In-yer-ear theatre makes, at least at first glance, an uneasy coupling; this is in light of the privatized, bubble-like logics that we inevitably correlate with headphone modes. Jason Farman refers to headphones as ‘[o]ne of the most ubiquitous mobile media that accomplishes this “distancing through-proxemic”’ effect, enveloping listeners in what he reads as sealed-off, privately controlled ‘cocoons’ (2012). Ross Brown describes headphone listening as an experience of hearing through and within the ‘acoustic blanket’ of the ear/headphone device – one that brackets off the ‘exterior world of the here and now’, closing in on ‘the personal space of individual audience member, even into the “intracranial” sonic space between the ears’ (2016). This is a shift from listening to the wider environment to an experience of listening in: ‘in’ as immune to referents of surroundings, ‘in’ as immersed in a private auditory space.

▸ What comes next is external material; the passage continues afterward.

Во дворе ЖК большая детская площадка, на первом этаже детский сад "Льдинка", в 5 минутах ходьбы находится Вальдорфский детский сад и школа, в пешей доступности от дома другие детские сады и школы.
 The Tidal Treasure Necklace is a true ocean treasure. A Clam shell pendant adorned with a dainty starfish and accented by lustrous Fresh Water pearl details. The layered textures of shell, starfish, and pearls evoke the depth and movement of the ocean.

That said, the connection with live, communal theatre may seem incongruous. Yet this seemingly uneasy pairing has given rise to remarkably creative works in recent years by artists and collectives such as Simon McBurney and Complicite, the British-Swedish artist duo Lundahl & Seitl, Darkfield (David Rosenberg and Glen Neath), Rimini Protokol, Slung Low, Ant Hampton, and Tim Etchells. This special issue seeks to zoom in on such practices – not to impose a rigid genre classification, but to document and critically examine how performative encounters with headphone culture challenge or re-imagine the possibilities of performance experience.

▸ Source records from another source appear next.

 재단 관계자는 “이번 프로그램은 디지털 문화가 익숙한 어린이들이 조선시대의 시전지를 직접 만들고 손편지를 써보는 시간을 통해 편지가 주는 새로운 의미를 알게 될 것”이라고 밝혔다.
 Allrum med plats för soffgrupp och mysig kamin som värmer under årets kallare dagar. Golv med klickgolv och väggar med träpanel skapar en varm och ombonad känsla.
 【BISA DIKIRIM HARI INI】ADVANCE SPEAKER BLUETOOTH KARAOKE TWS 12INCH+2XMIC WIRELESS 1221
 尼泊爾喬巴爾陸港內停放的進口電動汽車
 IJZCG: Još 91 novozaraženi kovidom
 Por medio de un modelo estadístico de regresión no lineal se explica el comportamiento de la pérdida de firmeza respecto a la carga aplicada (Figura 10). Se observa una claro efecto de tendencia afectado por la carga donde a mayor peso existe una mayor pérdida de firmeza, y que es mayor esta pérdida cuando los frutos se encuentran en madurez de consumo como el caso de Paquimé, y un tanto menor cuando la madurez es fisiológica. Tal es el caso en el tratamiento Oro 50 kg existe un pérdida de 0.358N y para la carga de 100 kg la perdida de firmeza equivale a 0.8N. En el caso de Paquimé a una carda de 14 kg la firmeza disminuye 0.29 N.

In this context, we are seeking contributions that explore the artistic, technological, and cultural significance of headphone-mediated performance over recent years. This special issue welcomes contributions that engage headphone-mediated performance across diverse cultural spaces that foster broader dialogues orbiting around several key questions: What are the working logics of headphone-mediated performances? How do they negotiate conventional emphases on the liveness, presence, or communal experience of performance? How do they restructure and mobilize performance experience, and how do they work with performance space or with audience engagement and perception? To what extent does ‘in-yer-ear’ theatre draw from and embrace the specificity of its medium? In other words, how does it harness the enclosed nature of its wired listening to envision new futures for expanded stages and “liveness-plus” performance? How do the private stages of headphone listening reflect contemporary emphases on individual experience or reproduce algorithmic echo-chamber logics? In what ways do they engage with neoliberal ethics and the cult of individualism? To what extent do they position headphones as cultural references, fashion statements, or commodities within consumer culture?

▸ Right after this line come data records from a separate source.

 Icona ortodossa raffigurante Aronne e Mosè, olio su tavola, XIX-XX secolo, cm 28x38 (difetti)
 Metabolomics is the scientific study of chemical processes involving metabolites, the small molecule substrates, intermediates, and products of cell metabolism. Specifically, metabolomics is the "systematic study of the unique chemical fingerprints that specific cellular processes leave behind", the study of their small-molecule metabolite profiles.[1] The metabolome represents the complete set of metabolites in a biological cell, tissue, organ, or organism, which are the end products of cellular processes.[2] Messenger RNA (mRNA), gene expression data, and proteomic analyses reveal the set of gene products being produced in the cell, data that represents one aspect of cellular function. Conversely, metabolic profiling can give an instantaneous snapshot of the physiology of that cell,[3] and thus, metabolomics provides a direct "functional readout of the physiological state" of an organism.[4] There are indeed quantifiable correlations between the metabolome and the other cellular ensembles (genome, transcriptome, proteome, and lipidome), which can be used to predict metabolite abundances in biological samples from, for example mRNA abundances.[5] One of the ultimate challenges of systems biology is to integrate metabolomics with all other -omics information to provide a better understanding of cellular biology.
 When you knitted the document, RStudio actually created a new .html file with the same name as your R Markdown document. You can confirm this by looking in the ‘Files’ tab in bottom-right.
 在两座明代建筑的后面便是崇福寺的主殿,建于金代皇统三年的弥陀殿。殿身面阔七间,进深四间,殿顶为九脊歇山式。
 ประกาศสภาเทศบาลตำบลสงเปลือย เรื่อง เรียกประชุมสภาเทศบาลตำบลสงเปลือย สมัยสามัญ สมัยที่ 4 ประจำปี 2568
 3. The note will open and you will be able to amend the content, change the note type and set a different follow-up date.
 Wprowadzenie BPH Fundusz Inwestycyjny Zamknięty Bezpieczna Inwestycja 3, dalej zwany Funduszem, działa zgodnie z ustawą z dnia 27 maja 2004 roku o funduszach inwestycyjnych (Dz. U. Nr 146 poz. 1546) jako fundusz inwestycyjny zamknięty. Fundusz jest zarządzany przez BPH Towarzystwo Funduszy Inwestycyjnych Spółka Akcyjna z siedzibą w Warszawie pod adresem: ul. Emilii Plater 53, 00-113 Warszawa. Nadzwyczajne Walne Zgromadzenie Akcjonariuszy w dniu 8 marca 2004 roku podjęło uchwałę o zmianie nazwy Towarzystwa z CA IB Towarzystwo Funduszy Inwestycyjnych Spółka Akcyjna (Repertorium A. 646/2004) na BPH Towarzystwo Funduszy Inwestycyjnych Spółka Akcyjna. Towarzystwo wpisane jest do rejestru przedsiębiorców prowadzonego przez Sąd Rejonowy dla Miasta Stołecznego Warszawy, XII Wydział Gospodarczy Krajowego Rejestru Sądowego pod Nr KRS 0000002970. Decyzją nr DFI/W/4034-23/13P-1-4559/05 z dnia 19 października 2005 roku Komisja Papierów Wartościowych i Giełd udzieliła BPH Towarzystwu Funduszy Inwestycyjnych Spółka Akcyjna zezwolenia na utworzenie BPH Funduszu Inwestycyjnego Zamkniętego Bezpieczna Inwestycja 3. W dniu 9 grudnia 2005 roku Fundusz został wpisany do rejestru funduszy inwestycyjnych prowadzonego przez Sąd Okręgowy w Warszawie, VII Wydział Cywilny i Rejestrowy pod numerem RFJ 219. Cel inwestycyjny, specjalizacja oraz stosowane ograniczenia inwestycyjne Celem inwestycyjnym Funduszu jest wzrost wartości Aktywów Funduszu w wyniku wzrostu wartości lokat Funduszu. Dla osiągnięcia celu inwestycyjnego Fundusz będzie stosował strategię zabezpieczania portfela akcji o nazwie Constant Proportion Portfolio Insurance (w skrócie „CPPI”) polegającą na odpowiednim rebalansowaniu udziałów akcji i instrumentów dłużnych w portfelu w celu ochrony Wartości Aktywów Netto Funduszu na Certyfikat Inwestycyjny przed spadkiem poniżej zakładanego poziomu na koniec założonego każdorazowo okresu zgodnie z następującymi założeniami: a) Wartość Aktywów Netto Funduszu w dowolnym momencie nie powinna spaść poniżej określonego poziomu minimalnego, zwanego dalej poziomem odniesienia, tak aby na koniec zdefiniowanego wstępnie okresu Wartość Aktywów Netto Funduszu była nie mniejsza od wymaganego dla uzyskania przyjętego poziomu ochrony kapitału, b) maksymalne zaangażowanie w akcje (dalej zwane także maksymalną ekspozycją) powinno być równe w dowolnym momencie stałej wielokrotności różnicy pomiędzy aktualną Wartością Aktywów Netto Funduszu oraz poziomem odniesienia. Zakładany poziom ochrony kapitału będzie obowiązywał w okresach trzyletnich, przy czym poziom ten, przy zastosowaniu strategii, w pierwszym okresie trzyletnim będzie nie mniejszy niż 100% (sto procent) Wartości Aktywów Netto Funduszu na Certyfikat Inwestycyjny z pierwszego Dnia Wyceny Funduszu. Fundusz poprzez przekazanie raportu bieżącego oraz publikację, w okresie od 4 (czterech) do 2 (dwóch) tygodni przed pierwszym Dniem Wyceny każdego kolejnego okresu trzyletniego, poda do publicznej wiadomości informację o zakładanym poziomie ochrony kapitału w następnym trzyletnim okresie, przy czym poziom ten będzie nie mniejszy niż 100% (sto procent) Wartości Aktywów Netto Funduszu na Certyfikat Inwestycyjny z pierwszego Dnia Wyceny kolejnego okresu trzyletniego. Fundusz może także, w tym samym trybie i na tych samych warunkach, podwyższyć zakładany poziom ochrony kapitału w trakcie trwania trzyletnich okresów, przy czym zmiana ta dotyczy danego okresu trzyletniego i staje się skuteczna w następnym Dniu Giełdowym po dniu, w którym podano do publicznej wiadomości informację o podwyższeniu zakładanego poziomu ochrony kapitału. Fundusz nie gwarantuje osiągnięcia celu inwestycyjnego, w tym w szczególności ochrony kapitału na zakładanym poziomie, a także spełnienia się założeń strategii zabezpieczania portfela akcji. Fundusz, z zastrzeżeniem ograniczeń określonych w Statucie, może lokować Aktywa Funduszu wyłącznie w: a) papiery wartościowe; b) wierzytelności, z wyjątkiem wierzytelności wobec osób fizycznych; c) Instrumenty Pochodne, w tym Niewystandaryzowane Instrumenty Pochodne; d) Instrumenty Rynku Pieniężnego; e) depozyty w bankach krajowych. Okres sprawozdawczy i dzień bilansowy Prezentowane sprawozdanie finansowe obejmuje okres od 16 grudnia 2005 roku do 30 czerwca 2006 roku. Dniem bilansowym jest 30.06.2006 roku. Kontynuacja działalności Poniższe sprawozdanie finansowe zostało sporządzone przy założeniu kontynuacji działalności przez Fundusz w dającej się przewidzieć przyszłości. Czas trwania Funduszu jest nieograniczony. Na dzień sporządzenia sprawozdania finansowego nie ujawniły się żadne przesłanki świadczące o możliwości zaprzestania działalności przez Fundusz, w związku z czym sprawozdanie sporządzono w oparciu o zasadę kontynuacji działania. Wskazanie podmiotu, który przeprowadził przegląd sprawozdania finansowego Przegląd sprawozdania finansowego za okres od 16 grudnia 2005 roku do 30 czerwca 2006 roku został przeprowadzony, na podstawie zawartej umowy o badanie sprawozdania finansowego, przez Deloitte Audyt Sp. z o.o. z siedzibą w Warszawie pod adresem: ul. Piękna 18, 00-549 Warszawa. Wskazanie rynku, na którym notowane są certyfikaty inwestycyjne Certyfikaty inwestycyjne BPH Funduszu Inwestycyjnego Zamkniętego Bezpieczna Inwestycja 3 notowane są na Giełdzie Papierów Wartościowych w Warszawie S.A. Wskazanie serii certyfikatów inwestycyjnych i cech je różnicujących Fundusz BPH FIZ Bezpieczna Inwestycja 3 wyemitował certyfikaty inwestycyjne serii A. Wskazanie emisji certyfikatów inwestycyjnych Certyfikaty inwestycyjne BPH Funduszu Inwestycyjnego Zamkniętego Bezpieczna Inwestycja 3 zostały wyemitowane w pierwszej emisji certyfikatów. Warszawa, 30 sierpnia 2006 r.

Contributions might approach questions including but by no means limited to:

  • Historical antecedents of headphone-mediated performance including headphone verbatim
  • Intersections with current audio culture (or more specifically with podcasting, ASMR, and other headphone-based media forms)
  • Possible future directions of headphone-based theatre
  • Space and place in walking-based headphone theatre or audio/video tours
  • Role and influence of personal audio technologies in theatre practice (from design to performance)
  • Headphone-based theatre and audience experience
  • Audience and/as performers in headphone performances
  • Digital listening and embodied perception
  • Wired spectatorship, digital bubbles, current algorithmic culture
  • Inclusion and Accessibility in headphone-based performances
  • Aesthetic and narrative elements of headphone-based theatre
  • The politics of headphone-based theatre
  • Role of headphone theatre in intimate or one-to-one performance
  • Digital theatre listening as/and eco-minded practice
  • Questions of liveness in headphone-mediated theatre

The issue welcomes research articles (6-10,000 words) as well as a range of other types of submissions, including, but not limited to, artistic reflections/interventions, interviews or manifestos (3-6,000 words) that align with the theme.

If interested, please submit 300-word proposals by Tuesday 15 July 2025 to the guest editors: mristani@enl.auth.gr and sotirios@ankara.edu.tr.

If successful, full articles will be due in April 2026.